Region 1 of Figure 2, shown in green, displays the association between the SNPs and clinical covariates. Though this step is often overlooked in association studies, understanding the relationship between SNPs and the covariates can be informative in discerning how the SNPs' effect on the outcome is mediated. In this region, there are a number of cross-validated associations between SNPs in the apolipoprotein gene cluster, which contains APOA1, APOA4, APOA5, and APOC3, and fasting baseline TG or cholesterol. Region 2, shown in gray, illustrates the correlations between the covariates. The majority of the covariates are not significantly correlated (r<0.3), with only two pairs (glucose before and after fenofibrate treatment and insulin before and after fenofibrate treatment) highly correlated (r>0.6). LD between SNPs is shown in red in Region 3. Most of the LD observed occurs between SNPs within the same gene, primarily in APOC3, and among other SNPs in the apolipoprotein gene cluster.

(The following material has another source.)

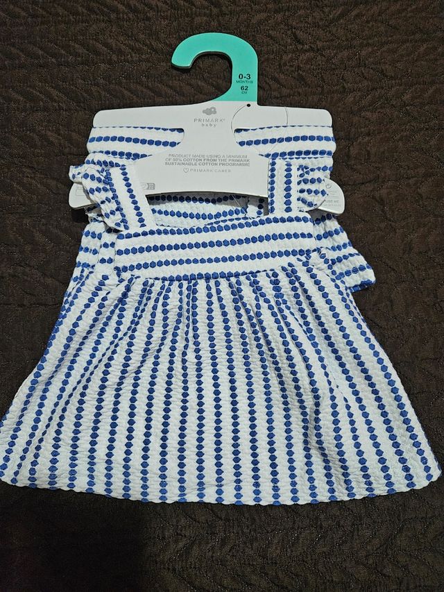 Detalles del productoPrecioso conjunto de dos piezas para bebé niña de Primark. El conjunto incluye un vestido y una braga a juego. Ambos están confeccionados en un tejido suave y agradable al tacto con rayas azules y blancas. - Ideal para primavera/verano. - Talla 0-3 meses

The remaining regions are colored in blue, and they represent associations with ΔTG and ΔVLDL. In these regions, the upper right section of the cells represents results for ΔTG and the lower left section represents results for ΔVLDL. Cross-validated associations are indicated by a black bar. Region 4, which displays the univariate association between clinical covariates and the outcomes, shows that baseline TG, cholesterol, and both insulin and glucose before fenofibrate treatment have cross-validated associations with both ΔTG and ΔVLDL, while fenofibric acid area under the curve, glucose level after fenofibrate, and waist-to-hip ratio have cross-validated associations with ΔVLDL but not ΔTG. Region 5, which illustrates univariate association between the SNPs and the outcomes, reveals that only one SNP in APOA5 (APOA5_S19W) has a cross-validated association with both ΔTG and ΔVLDL.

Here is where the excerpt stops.